The broker will use their network and knowledge to find lenders who specialise in or are more flexible with zero-hour contract workers. These lenders understand the nature of variable income and are more willing to consider your overall financial stability rather than just your employment type.

Review mortgage options

The broker will present you with a range of mortgage products from these specialist lenders. They will explain the terms, interest rates, and conditions of each option, helping you understand which mortgage suits your needs best.

Support throughout the application process

The broker will assist you in completing your mortgage application, ensuring that all required documents are included and that your financial situation is clearly and accurately presented. They will also communicate with the lender on your behalf, helping to address any questions or concerns that arise.

Negotiation and finalisation

A good broker can negotiate with lenders to secure the best possible terms for your mortgage. Once a lender agrees to offer you a mortgage, the broker will help you finalize the details and complete any remaining paperwork.

Benefits of using a broker

Access to specialist lenders: Brokers have connections with lenders who may not be directly accessible to the public.

Expert advice: Brokers provide professional advice tailored to your unique situation.

Time-saving: Brokers handle the legwork of finding and negotiating with lenders, saving you time and effort.

Improved chances of approval: A broker can help present your financial situation in the best possible light, improving your chances of mortgage approval.

FAQs

What size mortgage can a zero-hour worker get?

The size of the mortgage a zero-hour worker can get depends on various factors including their income stability, credit score, deposit size, and overall financial situation. Lenders typically assess your average income over a certain period, often 12 months, and use this to determine how much you can borrow. Generally, you can expect to borrow up to 4-5 times your annual income. However, having a larger deposit and a strong credit history can enhance your borrowing capacity. It’s advisable to consult with a mortgage broker who can help identify lenders more willing to work with zero-hour contract workers and provide a clearer estimate based on your specific circumstances.

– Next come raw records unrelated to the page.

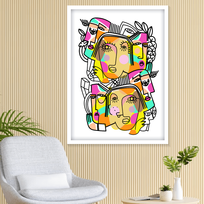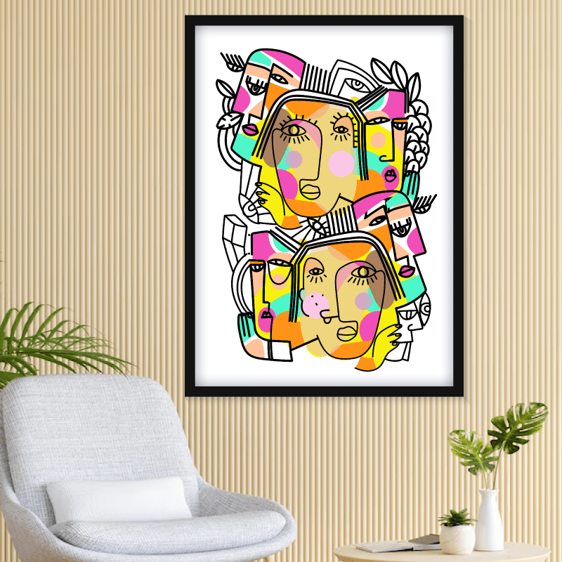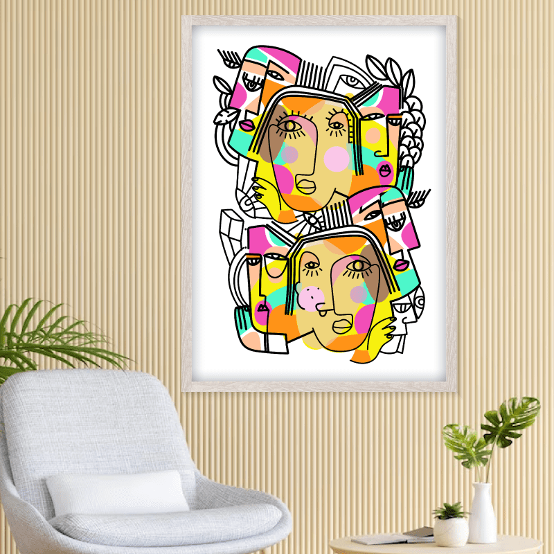 ¡Transmite! Este cuadro contagia optimismo y positividad. Celebra la belleza y la diversidad. Presenta una paleta de colores vibrantes y contrastantes; que se mezclan y fusionan con los trazos y las formas de la composición, creando una sensación de movimiento y energía.
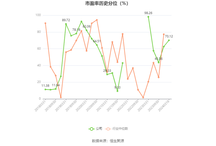 市盈率为负时,不显示当期分位数,会导致折线图中断。
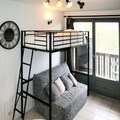 Step inside to discover a thoughtfully designed living space featuring a comfortable double sofa bed and a unique single mezzanine bed, perfect for a restful night's sleep. The open-plan kitchenette is equipped with all the essentials, making it easy to prepare your favorite meals after a day of adventure. The modern shower room with WC ensures convenience and comfort, while the studio’s warm ambiance creates a welcoming atmosphere.
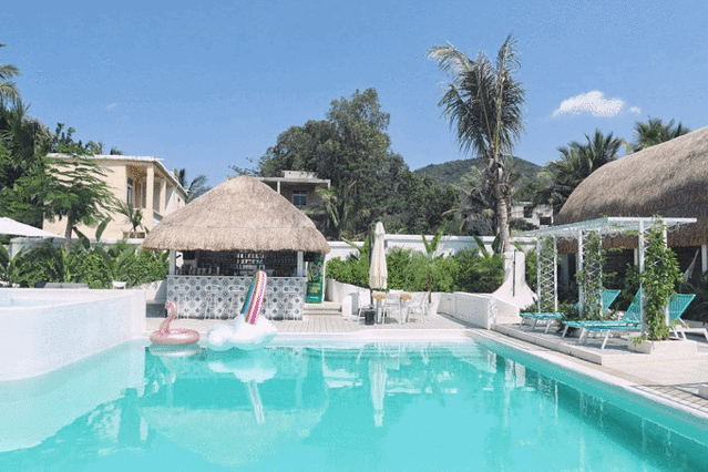 比邻near椰林美宿的泳池旁还有三栋木屋别墅,出门就可以享受到椰林和泳池,在比邻这可以轻易就收获惬意满满的度假风。在泳池旁还有一个茅草酒吧屋,夜晚时在这里和朋友喝上几杯热带风情的鸡尾酒。

Is it more expensive to get a mortgage as a zero-hour contractor?

Yes, it can be more expensive to get a mortgage as a zero-hour contractor. Lenders perceive zero-hour contract workers as higher risk due to the variable nature of their income. As a result, you might face higher interest rates compared to those with more stable, salaried employment. Additionally, lenders may require a larger deposit to offset the perceived risk. However, by maintaining a good credit score, providing thorough documentation of your income, and working with a mortgage broker to find flexible lenders, you can potentially secure more favourable terms and rates.

Will I be able to get a joint-contract mortgage if I have a zero-hour contract?

Yes, you can get a joint mortgage if you have a zero-hour contract, provided your co-applicant has a stable income and a strong financial profile. The lender will consider the combined financial strength of both applicants. The stable income of your co-applicant can help mitigate the risks associated with your variable income, making the overall application more attractive to lenders. It is important to provide comprehensive documentation of both your incomes and maintain a good credit score. Consulting with a mortgage broker can also help identify lenders who are more accommodating to joint applications involving zero-hour contract workers.

Are self-certification mortgages still available?

No, self-certification mortgages are no longer available in the UK. These types of mortgages, which allowed borrowers to self-declare their income without providing proof, were banned in 2011 due to concerns over affordability and the risk of borrowers overestimating their income. As a result, lenders now require comprehensive documentation to verify income and assess affordability. If you have a non-traditional employment situation, such as a zero-hour contract, it’s essential to provide detailed evidence of your earnings and financial stability to secure a mortgage. Working with a mortgage broker can help you navigate these requirements and find suitable lenders.